• _Task requirements_
Everything in the listing should be transcribed exactly, apart from the pictures.

• _Records for this exercise_
*** Begin section ***
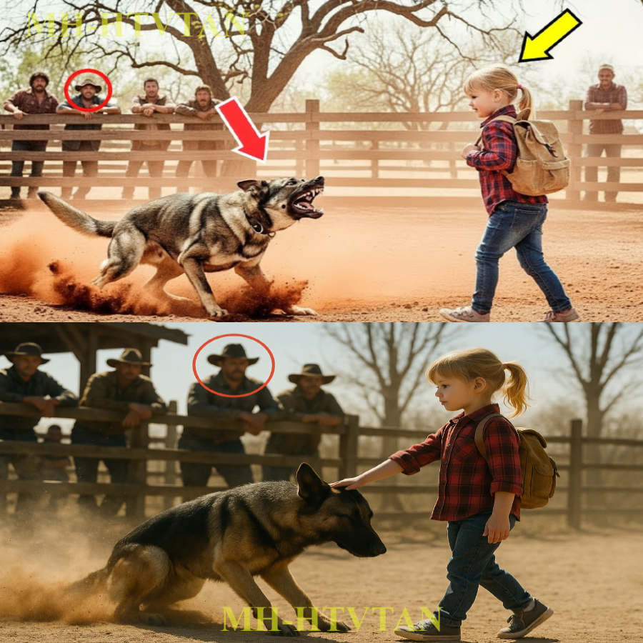 A stunned silence fell over the ranch, so heavy and absolute that even the wind seemed afraid to move. The dust settled slowly around Rex and the little girl, drifting like red mist between them. Every ranch hand stood frozen behind the fence, eyes wide, mouths halfopen, their bodies locked in disbelief. Rex wasn’t growling. He wasn’t snarling.
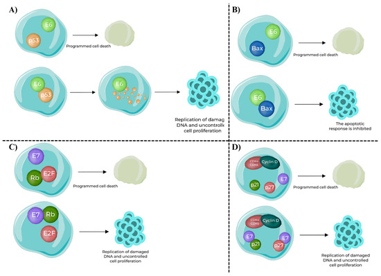 Oncogenic functions of HPV E6 and E7 oncoproteins in host cells [45]. (A) E6–p53 interaction: In normal conditions, p53 induces programmed cell death in response to DNA damage. HPV E6 binds to p53 and promotes its ubiquitination and degradation, preventing apoptosis and enabling replication of damaged DNA. (B) E6–Bax interaction: Bax, a pro-apoptotic protein, normally promotes apoptosis. Binding of E6 to Bax inhibits its function, blocking the apoptotic response and supporting uncontrolled cell survival. (C) E7–Rb interaction: Retinoblastoma protein (Rb) sequesters E2F transcription factors to prevent inappropriate cell cycle progression. HPV E7 binding inactivates Rb, releasing E2F and driving expression of S-phase genes, resulting in uncontrolled proliferation. (D) E7–CDK inhibitors interaction: Cyclin-dependent kinase inhibitors p21 and p27 normally block the Cyclin D–CDK4/6 complex, enforcing the G1/S checkpoint. HPV E7 inhibits p21 and p27, removing this control and further accelerating cell cycle progression and replication of damaged DNA.
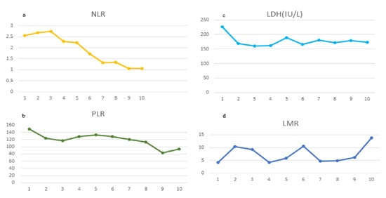 (a) indicates the decreasing trend of the NLR; (b) indicates a decrease in the PLR; (c) indicates a higher level of serum LDH at the time of initial diagnosis, which decreased after treatment; (d) indicates a significant fluctuation in the LMR.
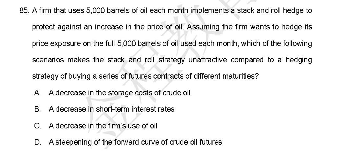 同学,当原油期货的远期利率曲线是upward时,用stack and roll的成本将会增加
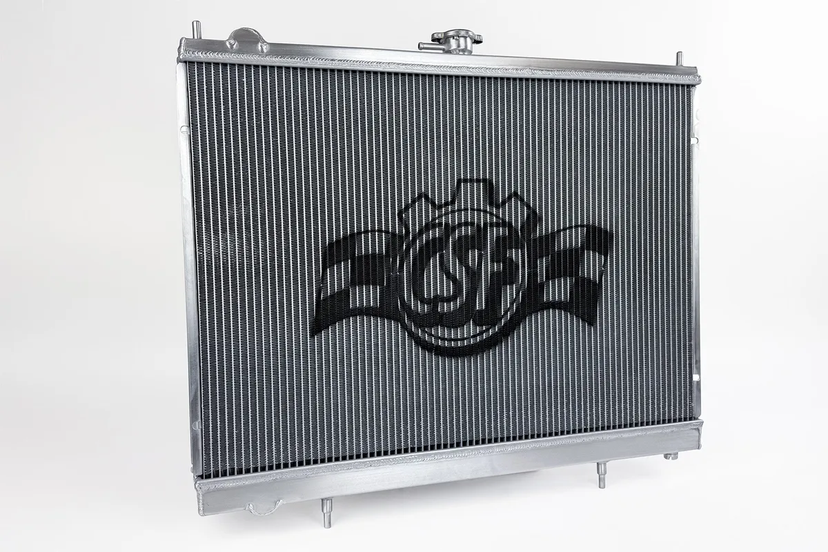 Click Here for the Full Press Release & Additional Product Details After the huge success of the CSF x TopRank Billet R32 ( CSF #7217/7217B ) & R33 ( CSF #7219/7219B ) Radiators, CSF received a lot of feedback from customers looking for a non-billet version. CSF is now pleased to announce the full line of High-Performance All-Aluminum Radiators for the R32, R33, and R34 Nissan Skylines. CSF has over 5 decades of experience manufacturing radiators. So when it comes to keeping your engine cool and your R34 Skyline running at its best, a CSF High-Performance All-Aluminum Radiator is the obvious choice. Designed to perform on the street or at the track, a performance radiator is a must-have for both high horsepower builds as well as race vehicles which need added cooling performance in motorsports environments. This radiator features a 2-Row core with CSF's exclusive B-Tube Technology: Unlike a regular oval shape "O" type radiator tube, CSF uses a specially engineered tube in the shape of a "B". These "B-tubes" are carefully formed and then brazed over the seam to seal. CSF is able to use thinner and lighter aluminum material (with better cooling efficiency) because this design is actually stronger than normal "O" shape tubes that are welded. The design (inlet in the middle of the tube that is seam brazed) increases the heat transfer surface area of the tubes by approximately 15% over regular tubes - producing the efficiency of two smaller tubes vs. one large tube within the same space criteria. With "B-tubes" you are able to get "dual liquid laminar flow". CSF also uses ultra efficient multi louvered fins that are carefully and precisely aligned to maximize airflow through each radiator core. Fin specifications are carefully measured and calculated for each application, and tested for maximum heat rejection efficiency in our wind-tunnel lab. The CSF R34 Skyline radiator is a true "Drop-in fit" design requiring no modifications to install. OE style brackets are all CNC machined and welded for the best durability possible. Inlet/Outlet connections are designed to match the OE connections so you can reuse OEM hoses or aftermarket. Trust the cooling experts at CSF for the best performing, highest-quality, and most reliable radiators. Product Details Design & Engineering The inline 6 motors found in the R34 Skylines are quite robust. Whether you have a basic 2.0L RB20 or legendary RB26, you probably don't worry too much about engine reliability. The GT-R's RB26 is well known for making big power and being reliable while doing it. However, power gains come at the cost of a lot of extra heat. While the factory radiator does a decent job keeping heat in check on stock setups, it's always better to have more protection, especially as you're making big power upgrades. CSF vs OEM The 2-Row 42mm core greatly not only increases the fluid capacity of the radiator, but also improves the cores ability to dissipate heat. CSF's Exclusive B-Tube Technology increases the heat transfer by approximately 15% over regular oval welded tubes. In addition, the super-efficient multi-louvered fins maximize airflow through the core for the best possible performance. More cooling rows also improve the overall efficiency of the radiator. More cooling tubes means more surface area for the coolant's heat to dissipate from. Feature R34 CSF R34 OEM Core Rows & Thickness 2
*** End section ***
• _Answer space_
 A stunned silence fell over the ranch, so heavy and absolute that even the wind seemed afraid to move. The dust settled slowly around Rex and the little girl, drifting like red mist between them. Every ranch hand stood frozen behind the fence, eyes wide, mouths halfopen, their bodies locked in disbelief. Rex wasn’t growling. He wasn’t snarling.
 Oncogenic functions of HPV E6 and E7 oncoproteins in host cells [45]. (A) E6–p53 interaction: In normal conditions, p53 induces programmed cell death in response to DNA damage. HPV E6 binds to p53 and promotes its ubiquitination and degradation, preventing apoptosis and enabling replication of damaged DNA. (B) E6–Bax interaction: Bax, a pro-apoptotic protein, normally promotes apoptosis. Binding of E6 to Bax inhibits its function, blocking the apoptotic response and supporting uncontrolled cell survival. (C) E7–Rb interaction: Retinoblastoma protein (Rb) sequesters E2F transcription factors to prevent inappropriate cell cycle progression. HPV E7 binding inactivates Rb, releasing E2F and driving expression of S-phase genes, resulting in uncontrolled proliferation. (D) E7–CDK inhibitors interaction: Cyclin-dependent kinase inhibitors p21 and p27 normally block the Cyclin D–CDK4/6 complex, enforcing the G1/S checkpoint. HPV E7 inhibits p21 and p27, removing this control and further accelerating cell cycle progression and replication of damaged DNA.
 (a) indicates the decreasing trend of the NLR; (b) indicates a decrease in the PLR; (c) indicates a higher level of serum LDH at the time of initial diagnosis, which decreased after treatment; (d) indicates a significant fluctuation in the LMR.
 同学,当原油期货的远期利率曲线是upward时,用stack and roll的成本将会增加
 Click Here for the Full Press Release & Additional Product Details After the huge success of the CSF x TopRank Billet R32 ( CSF #7217/7217B ) & R33 ( CSF #7219/7219B ) Radiators, CSF received a lot of feedback from customers looking for a non-billet version. CSF is now pleased to announce the full line of High-Performance All-Aluminum Radiators for the R32, R33, and R34 Nissan Skylines. CSF has over 5 decades of experience manufacturing radiators. So when it comes to keeping your engine cool and your R34 Skyline running at its best, a CSF High-Performance All-Aluminum Radiator is the obvious choice. Designed to perform on the street or at the track, a performance radiator is a must-have for both high horsepower builds as well as race vehicles which need added cooling performance in motorsports environments. This radiator features a 2-Row core with CSF's exclusive B-Tube Technology: Unlike a regular oval shape "O" type radiator tube, CSF uses a specially engineered tube in the shape of a "B". These "B-tubes" are carefully formed and then brazed over the seam to seal. CSF is able to use thinner and lighter aluminum material (with better cooling efficiency) because this design is actually stronger than normal "O" shape tubes that are welded. The design (inlet in the middle of the tube that is seam brazed) increases the heat transfer surface area of the tubes by approximately 15% over regular tubes - producing the efficiency of two smaller tubes vs. one large tube within the same space criteria. With "B-tubes" you are able to get "dual liquid laminar flow". CSF also uses ultra efficient multi louvered fins that are carefully and precisely aligned to maximize airflow through each radiator core. Fin specifications are carefully measured and calculated for each application, and tested for maximum heat rejection efficiency in our wind-tunnel lab. The CSF R34 Skyline radiator is a true "Drop-in fit" design requiring no modifications to install. OE style brackets are all CNC machined and welded for the best durability possible. Inlet/Outlet connections are designed to match the OE connections so you can reuse OEM hoses or aftermarket. Trust the cooling experts at CSF for the best performing, highest-quality, and most reliable radiators. Product Details Design & Engineering The inline 6 motors found in the R34 Skylines are quite robust. Whether you have a basic 2.0L RB20 or legendary RB26, you probably don't worry too much about engine reliability. The GT-R's RB26 is well known for making big power and being reliable while doing it. However, power gains come at the cost of a lot of extra heat. While the factory radiator does a decent job keeping heat in check on stock setups, it's always better to have more protection, especially as you're making big power upgrades. CSF vs OEM The 2-Row 42mm core greatly not only increases the fluid capacity of the radiator, but also improves the cores ability to dissipate heat. CSF's Exclusive B-Tube Technology increases the heat transfer by approximately 15% over regular oval welded tubes. In addition, the super-efficient multi-louvered fins maximize airflow through the core for the best possible performance. More cooling rows also improve the overall efficiency of the radiator. More cooling tubes means more surface area for the coolant's heat to dissipate from. Feature R34 CSF R34 OEM Core Rows & Thickness 2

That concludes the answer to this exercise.